Sin trampas, sin sonidos de monstruos, sin movimiento.

Solo un camino recto que llevaba a una puerta masiva hecha de metal negro, tallada con calaveras y antiguos símbolos que brillaban débilmente con un tono verdoso.

Sylvia se detuvo frente a la puerta.

Las luces de cristal en la pared parpadeaban suavemente, como si sintieran la presión de lo que fuera que estaba más allá de esa puerta.

Algo grande estaba dentro.

Muy grande.

Pero Sylvia no entró inmediatamente.

Se bajó suavemente y se sentó frente a la imponente puerta.

La piedra fría tocó sus muslos, pero el agotamiento en su mente se sentía mucho más real.

Su vestido estaba ligeramente rasgado en los bordes, manchado por salpicaduras de sangre y arañazos de su viaje.

Algunos mechones de cabello se pegaban a su frente con sudor.

Aunque su cuerpo no-muerto nunca se cansaba realmente, su mente aún necesitaba un descanso.

Sylvia dobló una rodilla, apoyando su barbilla en ella, dejando que el silencio la abrazara.

—Diez pisos más hasta el setenta…

o tal vez este es el último —susurró suavemente, su voz plana pero cargada con una emoción difícil de describir.

No sabía cuántos pisos había realmente.

Su mano abrió su ventana de estado.

Un panel translúcido apareció frente a ella.

[Nivel: 21 → 23]
[PS: Completo]
[PM: 63%]
—He eliminado a demasiados —dijo, sus ojos rojos brillantes mirando sin expresión la puerta masiva.

—Pero de alguna manera, cuanto más avanzo…

más ligero se siente.

Pasaron varios minutos.

Sin movimiento.

Ninguna otra respiración en ese espacio más que la de Sylvia.

El tenue olor a muerte aún se aferraba a ella como un manto invisible pero aquí, no se sentía aterrador.

Se sentía…

calmante.

Sylvia cerró los ojos por un momento.

No para dormir o para olvidar.

Sino para sentir cómo el peso en su mente lentamente se aligeraba.

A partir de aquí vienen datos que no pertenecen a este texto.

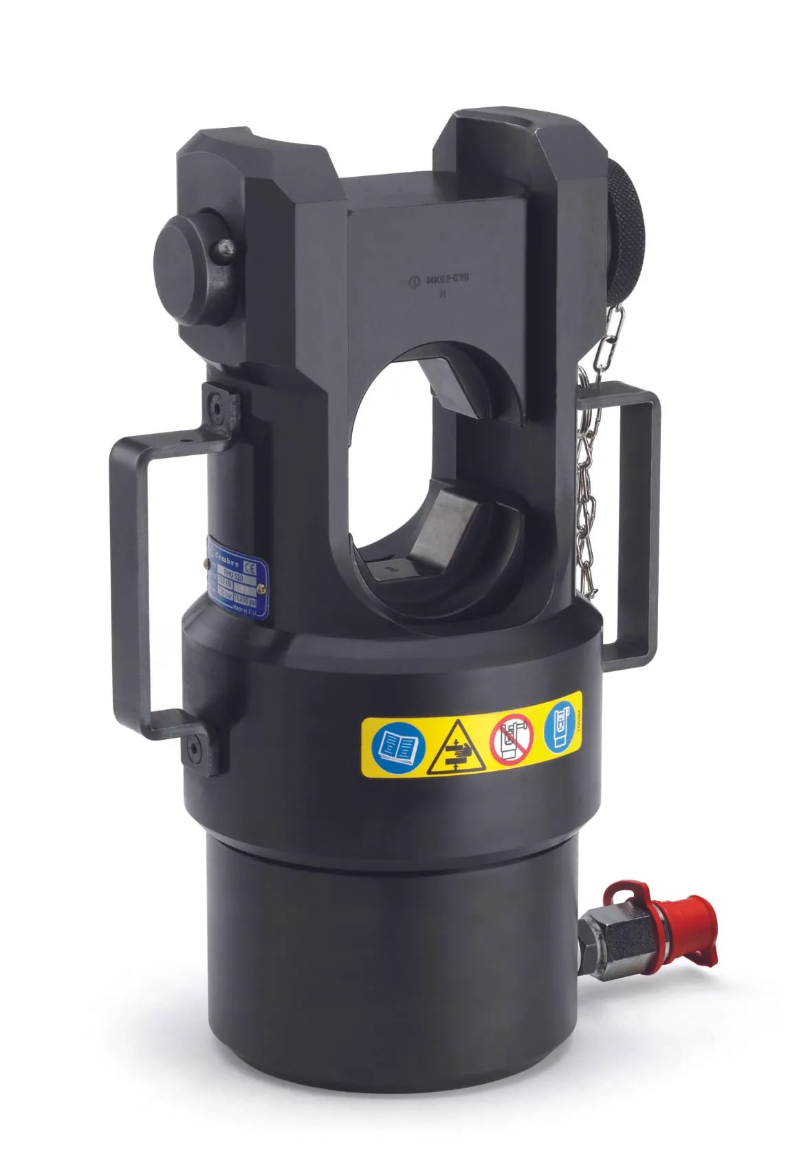 Testa oleodinamica completa di innesto rapido maschio con bloccaggio automatico. Puo impiegare, mediante l?adattatore tipo AU520-130C, la serie di matrici ad innesto semicircolare comune agli utensili sviluppanti una forza di 130 kN.

Un débil sonido de cadenas traqueteando vino desde dentro de la sala del jefe como un aliento contenido durante mucho tiempo finalmente exhalado.

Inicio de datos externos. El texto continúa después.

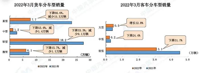 從細(xì)分車(chē)型來(lái)看,2022年3月,商用車(chē)產(chǎn)銷(xiāo)分別完成36萬(wàn)輛和37萬(wàn)輛,同比分別下降38%和43.5%。其中,3月重型貨車(chē)銷(xiāo)7.7萬(wàn)輛,中型貨車(chē)銷(xiāo)1.2萬(wàn)輛,輕型貨車(chē)銷(xiāo)18.2萬(wàn)輛,微型貨車(chē)銷(xiāo)6.1萬(wàn)輛。四類貨車(chē)同比呈不同程度下降,重型貨車(chē)降幅最為明顯,同比下降66.6%。

Sylvia abrió los ojos de nuevo.

Calmados y Afilados.

—Muy bien —dijo mientras se levantaba lentamente, arreglando con calma su vestido.

—Es hora de conocer al anfitrión del piso sesenta.

Levantó su mano.

Un aura oscura comenzó a reunirse en su palma, formando patrones de hechizos en capas.

Cadenas finas comenzaron a deslizarse alrededor de su cuerpo, temblando suavemente como criaturas vivas ansiosas por bailar en batalla.

Con un paso firme, Sylvia avanzó.

Directamente hacia la puerta, que se abrió lentamente por sí sola, invitando a la Reina Zombi al siguiente campo de batalla.

Naturalmente detrás de ella, los cientos de zombis del piso 59 la siguieron sin decir palabra.